Tiffany Kriner joins Claude Atcho in persevering with the exploration of the fruits of the Spirit. This week’s collection of LaRose by Louise Erdrich focuses on Peace. The novel opens with a horrific accident that sends two carefully associated households and a whole group right into a deep spiral of trauma. Progressing via the novel, the reader is confronted with a query: Can a group, a household, get better from deep-seated trauma?
Info on Claude Atcho:
Claude is the Vicar (Planting Pastor) for the Charlottesville church plant of the Diocese of Christ Our Hope, ACNA.
Beforehand, Claude lived in Memphis, TN the place he served as pastor of a multi-ethnic church, Fellowship Memphis. He’s the creator of Studying Black Books: How African-American Literature Can Make Our Religion Extra Entire and Just, forthcoming from Brazos Press in Summer season 2022.

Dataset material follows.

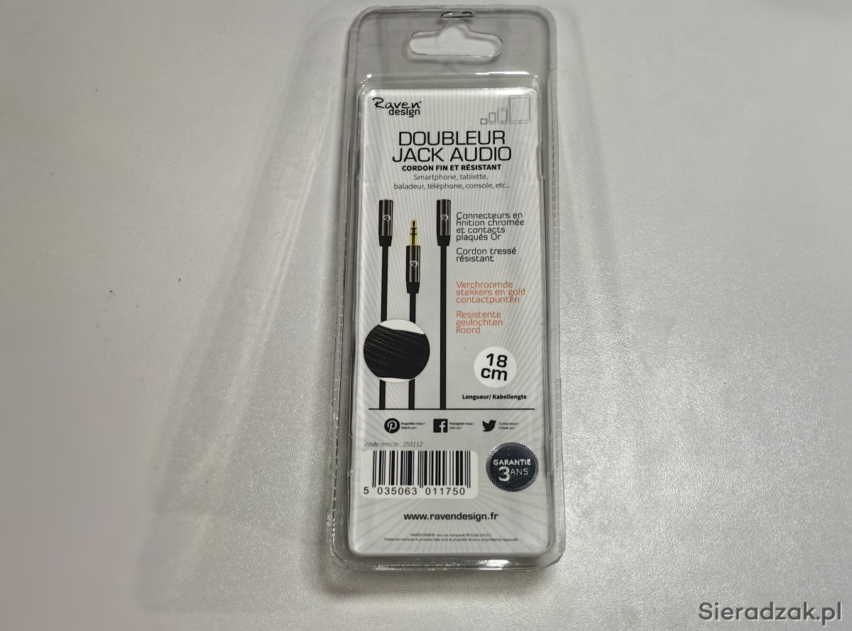 Witam, mam do sprzedania kabel Jack audio Raven design doubleut audio 18 cm nowy z likwidacji sklepu cena do negocjacji możliwa wysyłka lub odbiór osobisty proszę pisać pozdrawiam i zapraszam również na inne moje aukcje.

Info on Tiffany Eberle Kriner, Ph.D.
I imagine that texts have a spot and a future within the Kingdom of God. In my scholarly e-book The Way forward for the Phrase: An Eschatology of Literature, I have a look at the intricate methods God makes significant futures for literary texts towards the group of the brand new creation within the Kingdom of God—and the way God welcomes us to participate within the constructing of the texts and the group. I take part within the Kingdom of God via my work at Wheaton: constructing texts and communities. I notably deal with intersections of theology, place, and race inside literature.